Kasus dugaan penyalagunaan Alokasi Dana Desa (ADD) dan Dana Desa (DD) di Desa Pattalassang, Kecamatan Tompobulu, Kabupaten Bantaeng, tahun anggaran 2016 kini masuk ketahap penyidikan (Sidik) unit Tipikor Polres Bantaeng.
Dugaan penyalagunaan ini dilakukan oleh oknum mantan Kepala Desa Pattalassang berinisial MZ.
Mantan Kades Patalassang itu diduga melakukan penyimpangan pengelolaan anggaran ADD dan DD tahun anggaran 2016. Anggaran tersebut dibelanjakan bukan pada peruntukannya dan tidak dibuatkan surat pertanggungjawaban tentang penggunaan anggaran tersebut.
Bahkan diduga ada sebagian kegiatan dibuatkan surat pertanggungjawaban, namun kegiatannya fiktif.
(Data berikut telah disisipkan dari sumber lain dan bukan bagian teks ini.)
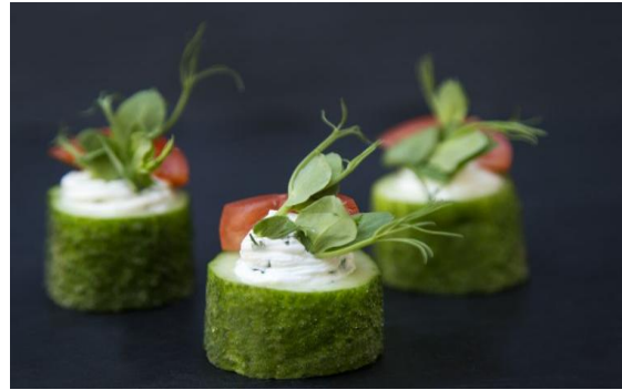
26 Канопе с огурцом, нежным сыром и томатами черри Cucumber with cheese, cherry tomato 22 грамма
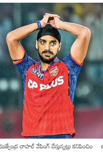
యుజ్వేంద్ర చావేల్ వేపింగ్ చేస్తున్నట్లు కనిపించి తడబడి ఫ్లై అప్స్ కు దూరమైన సంగతి తెలిసింది.

విశ్వంభర, సార్వీక్ష్ : టీమ్ ఇండియా పేసర్, పంజాబ్ కింగ్స్ ఆటగాడు అర్స్ దీప్ సింగ్ సోషల్ మీడియాలో ఎంత పురుగు ఉంటాడో ప్రత్యేకంగా మెచ్చుకోవచ్చు. తీరిక సమయాల్లో తోటి ఆటగాళ్లతో రిల్స్, వ్లాగ్స్ చేస్తూ వాటిని సామాజిక మాధ్యమాల్లో అభిమానులతో పంచుకుంటుంటాడు. అతను చేసే రిల్స్ కు నెటిజన్లలో మంచి ఆదరణ ఉంది. అయితే, ఇటీవల జరిగిన పరిణామాల్లో అర్స్ దీప్ ఓ కీలక నిర్ణయం తీసుకున్నాడు. అతను తన ఇన్ స్టా ఖాతాలో 200కు పైగా పోస్టులను తొలగించాడు. ప్రస్తుతం అతని ఖాతాలో 44 పోస్టులు మాత్రమే కనిపిస్తున్నాయి.. ఇందులో చాలావరకు వివిధ ట్రాంజ్ ప్రచారానికి సంబంధించినవి ఉన్నాయి. గత డిసెంబర్ లో విరాట్ కోహ్లాతో కలిసి చేసిన ఓ రిల్ కూడా అర్స్ దీప్ ఇన్ స్టాలో కనిపించకపోవడంతో ఫ్యాన్స్ ఆశ్చర్యం వ్యక్తం చేస్తున్నారు. కోహ్లాతో చేసిన అర్స్ దీప్ దాదాపు 15 మిలియన్లకు పైగా ఫ్యాన్స్ వేసినాయి. ఈ మధ్య అర్స్ దీప్ సోషల్ మీడియాలో ఎం చేసినా అది వివాదానికి దారితీసేసింది. కొన్ని రోజుల కిందట ఈ పేసర్ విమానంలో ఫ్లాగ్ చేయగా.. ఆ వీడియోలో

“Statusnya ditingkatkan ke tahap penyidikan (sidik) unit Tipikor Polres Bantaeng. Proses penanganan dan pemanggilan saksi-saksi yang lain, juga sudah dilakukan sejak dua minggu kemarin,” ungkap Kasat Reskrim Polres Bantaeng, AKP Abdul Haris Nikolaus, dalam rilis Humas Polres Bantaeng, Jumat (9/8/2019).
Tidak terbantahkan, sebuah penyalahgunaan wewenang bakal selalu kemungkinan terjadi karena ada kesempatan yang terbuka. Dana Desa misalnya, berbagai modus korupsi dana desa ini sesungguhnya bisa diantisipasi jika warga desa dan berbagai perangkat yang memiliki wewenang melakukan pengawasan aktif memonitor setiap langkah yang dilakukan dengan pembelanjaan dana desa.
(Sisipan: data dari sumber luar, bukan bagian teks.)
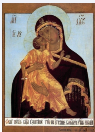
20 ноября - иконы Божией Матери «Взыграние», Угрешской (1795). Список 1814 г. Московский Государственный объединенный музей-заповедник.
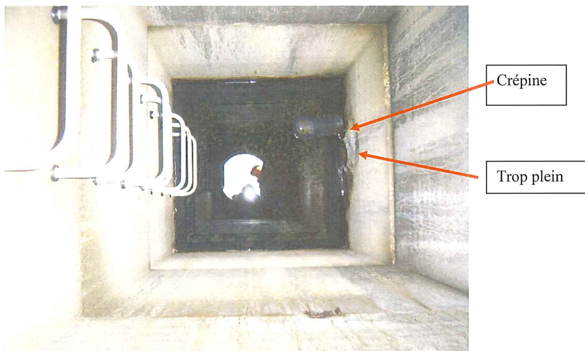
Intérieur du puits
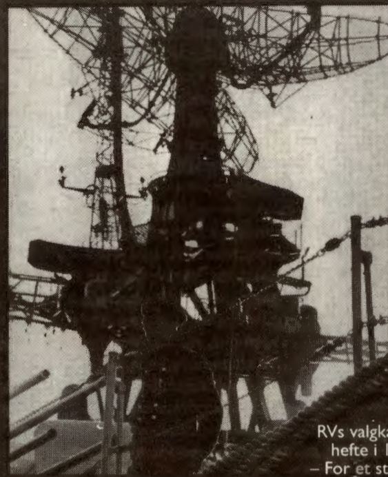
RVs valgkamphefte i 1981: – For et sterkt, uavhengig forsvar

“Tercatat sedikitnya sudah ada 181 kasus korupsi dana desa dengan 184 tersangka korupsi dan nilai kerugian sebesar Rp 40,6 miliar,” kata peneliti ICW Egi Primayogha, dalam keterangan tertulisnya.
Tercatat, ada 17 kasus pada tahun 2015. Pada tahun kedua, jumlahnya meningkat menjadi 41 kasus. Sementara, pada 2017, korupsi dana desa melonjak lebih dari dua kali lipat menjadi 96 kasus. “Sementara pada semester I tahun 2018, terdapat 27 kasus di desa yang semuanya menjadikan anggaran desa sebagai objek korupsi,” kata Egi.
Peneliti ICW Egi Primayoga memaparkan hasil penelitiannya, ada 12 modus korupsi dana desa yang disimpukan ICW berdasar penelitiannya. Modus itu antara lain:
1. Membuat rancangan anggaran biaya di atas harga pasar.
2. Mempertanggungjawabkan pembiayaan bangunan fisik dengan dana desa padahal proyek tersebut bersumber dari sumber lain.
3. Meminjam sementara dana desa untuk kepentingan pribadi namun tidak dikembalikan.
4. Budaya ewuh-prakewuh di desa menjadi salahsatu penghamat pada kasus seperti ini sehingga sulit di antisipasi.
5. Pungutan atau pemotongan dana desa oleh oknum pejabat kecamatan atau kabupaten.
6. Membuat perjalanan dinas fiktif kepala desa dan jajarannya. Banyak kasus perjalanan untuk pelatihan dan sebagainya ternyata lebih ditujukan utuk pelesiran saja.
7. Pengelembungan (mark up) pembayaran honorarium perangkat desa.
8. Pengelembungan (mark up) pembayaran alat tulis kantor.
9. Memungut pajak atau retribusi desa namun hasil pungutan tidak disetorkan ke kas desa atau kantor pajak.
11. Melakukan permainan (kongkalingkong) dalam proyek yang didanai dana desa.
12. Membuat kegiatan atau proyek fiktif yang dananya dibebankan dari dana desa.